Endpoint Protection

 

 

"The latest version of the Endpoint Protection client automatically detects the presence of certain installed components/applications like: IIS, Microsoft Exchange Servers, Active Directory Domain Controllers, etc. Where can you manually inspect these exclusions to verify if they need to be added to the Centralized Exceptions policy?"

 

So it gives a registry key and says to open the File Exceptions folder. There is no File Exceptions folder in that registry key. "Exclusions" is highlighted in the article, for whatever that is worth.

 

I can't find any automatically added exceptions and this server has IIS installed. My problem is that my network guys want to add a ton of exclusions that I'm not sure are appropriate and I definitely don't want to add them if they are added automatically by SEP.

 

Is there a definitive article or document on what is excluded automatically by SEP?

 

Thanks,

 

Ray

--------------

Here is their list. Please ignore the bold-face. It seems it can't be removed when it is pasted in. Any comments on the appropriateness is appreciated.

 

C:\MSSQL$WSUS

C:\WSUS

C:\Program Files\Common Files\Microsoft Shared\Web Storage System

C:\Program Files\Citrix

C:\Program Files\UPHClean

C:\Windows\Cluster

C:\Windows\IIS Temporary Compressed Files

C:\WINDOWS\Microsoft.NET\Framework

C:\Windows\System32\Inetsrv

C:\windows\system32\spool

C:\windows\softwaredistribution\datastore

C:\windows\sysvol

C:\windows\system32\dhcp

C:\windows\system32\dns

C:\Windows\system32\wins

C:\Windows\system32\GroupPolicy

C:\Windows\system32\config

C:\Windows\system32\wbem

C:\Windows\system32\Microsoft.NET

C:\windows\ntds

C:\windows\ntfrs

C:\Windows\adam

C:\WINNT\system32\spool

C:\WINNT\softwaredistribution\datastore

C:\WINNT\SYSVOL

C:\WINNT\system32\dhcp

C:\WINNT\system32\dns

C:\WINNT\system32\wins

C:\WINNT\system32\GroupPolicy

C:\WINNT\system32\config

C:\WINNT\system32\wbem

C:\WINNT\system32\Microsoft.NET

C:\WINNT\NTDS

C:\WINNT\NTFRS

C:\WINNT\adam

D:\MSSQL.1\MSSQL\Data

D:\Virtual Machines

E:\Program Files\Microsoft\Exchange Server

E:\MNS_FSW_DIR_TFSCMS01

E:\SMS\Inboxes

E:\SMS_CCM\ServiceData

Q:

---------------------------

Extensions

.BAK

.CHK

.DB

.DIT

.EDB

.LDB

.LDF

.LOG

.,MDB

.MDF

.NDF

.SHD

.SPL

.TMP

.TRN

 

Sadly, the KB is wrong on the IIS front, I'm going to get that amended.
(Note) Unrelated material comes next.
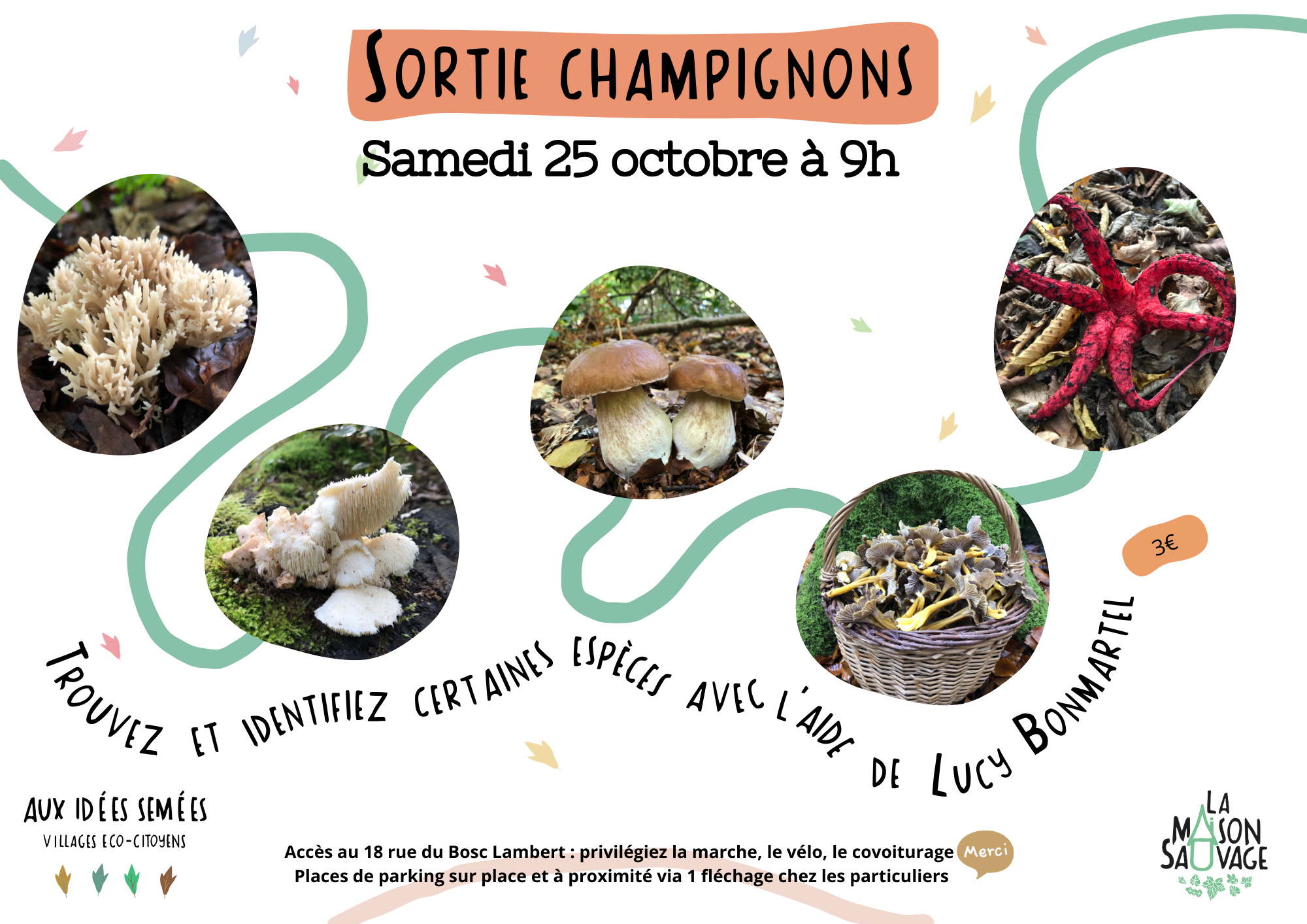 Sortie champignons Samedi 25 octobre à 9h Accompagnés de Lucy Bonmartel, découvrez le vaste monde des champignons ! Des cèpes de Bordeaux aux pieds de mouton, des morilles en passant par les chanterelles grises, ou encore la russule charbonnière, les coulemelles ou les lactaires délicieux ... vous apprendrez à les trouver, les reconnaître et éviter...

The rest of it is mainly OK though. Underneath the Exclusions folder, you will see each product or type of automatic exclusion we have and then under there is the FileExceptions folder. To clarify, from MR2 onwards, SEP automatically excludes files involved with the following products or Windows features: MS Exchange Server Active Directory SEPM Embedded Database The exclusions are automatic, based on us discovering the product (or "feature") installed on the server. Both the Exchange and the AD exclusions are done as per Microsoft KB's and we use the registry to find out the correct locations, based on your individual installs. There are no IIS automatic exclusions at this point in time. That list of exclusions is quite large, most of the extensions are valid - I would questions the whole Virtual Machines folder - if its VMWare just exclude VMDK's and VMEM's and if its another product then the hard disk and memory files for each (VHD for Virtual Server, possibly Hyper-V too). Things like ntds, ntfrs, sysvol, etc. are all AD exclusions and will be done automatically on a DC. For the others I would recommend you create groups for each server type, and only put the exclusions neccessary onto each group - that keeps it a little more secure. hth and apologies for the confusion.